Comment by adrian_b

4 days ago

If you really want to encrypt and decrypt 32-bit numbers without having any nonces available, the fastest way on non-microcontroller CPUs remains using the AES instructions.

You can exploit the fact that the core of AES consists of 32-bit invertible mixing functions. In order to extend AES to 128-bit, a byte permutation is used, which mixes the bytes of the 32-bit words.

The AES instructions are such, that you can cancel the byte permutation. In this case, you can use the AES instructions to encrypt separately four 32-bit words, instead of one 128-bit block.

Similarly by canceling the standard byte permutation and replacing it with separate permutations on the 2 halves, you can make the AES instructions independently encrypt two 64-bit words.

These AES modifications remain faster than any software cipher.

How to cancel the internal permutation and replace it with external shuffle instructions was already described in the Intel white paper published in 2010, at the launch of Westmere, the first CPU with AES instructions.

5 comments

adrian_b

201984 4 days ago

Are you certain using AES is still faster? Let's say for a 32-bit block size and 64-bit key.

From https://en.wikipedia.org/wiki/Speck_(cipher), that Speck combination would use 22 rounds, and using the instruction timings for Zen 5 from https://instlatx64.github.io/InstLatx64/AuthenticAMD/Authent..., it looks like each round would take at most 3 cycles. (Dependency chain for each round is 3 instructions long, ror+add+xor). 22*3 = ~66 cycles.

Using AES with a pshufb to take out the ShiftRows step would be 2 cycles for the pshufb and 4 cycles for each aesenc, and at 10 rounds, you have ~60 cycles.

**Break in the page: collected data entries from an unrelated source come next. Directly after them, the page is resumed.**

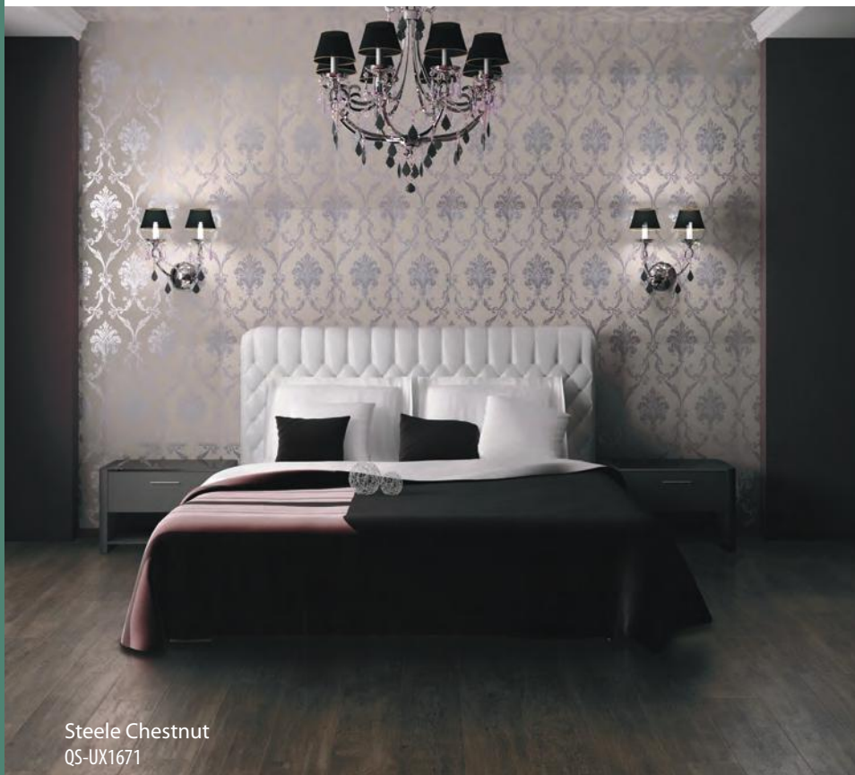
Steele Chestnut QS-UX1671

Unmatched realism is achieved through beautiful scraped textures.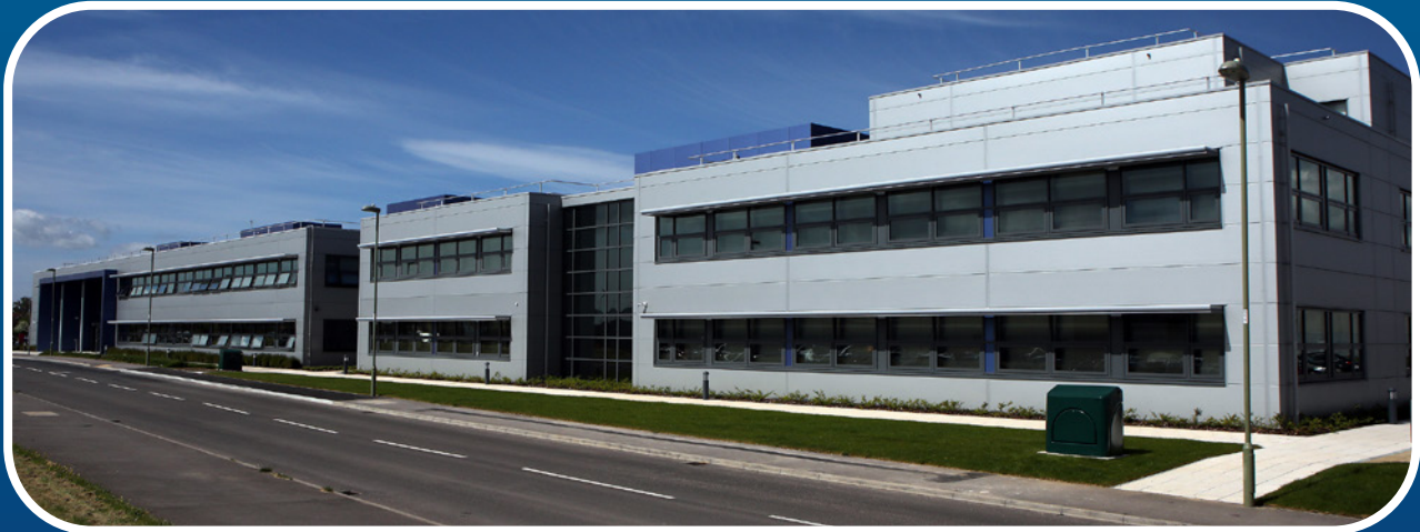
Fareham Innovation Centre extended in 2018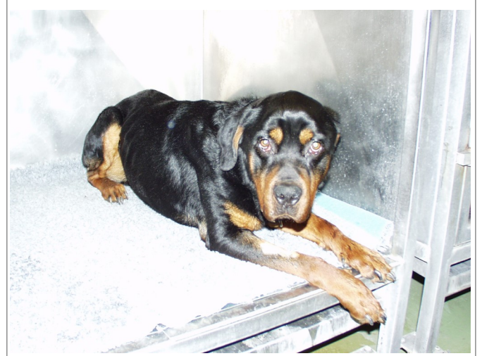
A Rottweiler during recovery after chronic disease over 3 months – remarkable weight loss due to systemic muscle atrophy.

The elevated body temperature (42–66%) may initially be classed as fever; later on, it is more likely a result of non-voluntary excessive muscle contraction (e.g., seizures, loss of inhibition by upper motor neuron damage). Seizures are a principal result of cerebral damage due to TBEV infection and are observed in 12–33% of canine cases. <sup>28,30</sup> Neurological symptoms like paresis (8–38%), vocalization due to painful perception of active and passive back movement (21–66%), and deficits of the cranial nerves (16–50%) (Figure 3) develop within a few hours thereafter.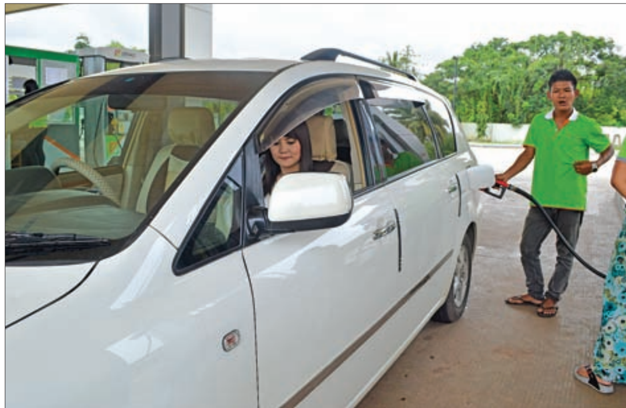
A worker fills a car with fuel at a filling station in Yangon on 26 August.

Those who are running the vehicles with diesel are happy with the lower price. However, the owners of the cars which use octane petrol are not satisfied with a high price.—Khin Saing

It's quite close, and to say which one wins, we'd need to actually benchmark it. One is not clearly much faster than the other.

adrian_b 3 days ago
Standard AES-128 has a throughput of around 16 bytes per 8 clock cycles or even less in recent CPUs, because they can do 2 or 4 AES instructions per clock cycle (in the modes of operation that are not limited by latency).
AES-128 can be easily modified to independently encrypting four 32-bit words per execution, instead of one 128-bit block, by cancelling the byte permutation that extends the AES mixing function from 32-bit to 128-bit. this would increase the throughput at least twice, depending on whether PSHUFB is done concurrently or not.
You have given the latencies of the instructions, not their throughput. When you use AES in such a way that you are limited by latency, that is normally wrong. The cryptographic libraries have multi-buffer functions, which compute e.g. 8 AES values, so that they are not limited by latencies.
Regarding the parent article, if you want an unpredictable identifier for a record, you should not do this by encrypting some value with the intent of decrypting it in the future. Instead of this, you should use as identifier an unpredictable random number. Such identifiers can be generated with AES in batches, at maximum throughput, and stored until they are needed for assignment to a record.
If you need in your record some information like time of creation or a monotonically increasing number, which you consider private, such information should be put in distinct fields, that you do not give externally, instead of attempting to encrypt them in a record identifier, which would need to be decrypted to access such information.
- 201984 3 days ago
  
  >You have given the latencies of the instructions, not their throughput. When you use AES in such a way that you are limited by latency, that is normally wrong.
  I did that because TFA is talking about encrypting 32 bit IDs, which is 1/4th of an AES block. There aren't multiple blocks to do at once in this scenario, and throughput numbers do not apply because each instruction depends on the result of the one before.
  You mention doing multiple IDs at once, but the overhead of pulling multiple IDs into a single batch from something akin to URLs in web requests is likely gonna be worse than any gains.
  >Instead of this, you should use as identifier an unpredictable random number. Such identifiers can be generated with AES in batches, at maximum throughput, and stored until they are needed for assignment to a record.
  Now you lose the ability to sort the records in a database, and I fail to see what AES gives you here over any other random number generator.
botusaurus 4 days ago
maybe the reason they are so close is that the AES microcode is inplementing exactly those operations
- 201984 4 days ago
  
  There's nothing similar about AES and Speck, and the "microcode" for AES isn't like what you're thinking of. If you want to learn more about it, you can look up the specifications for AES and Intel's AES instruction set.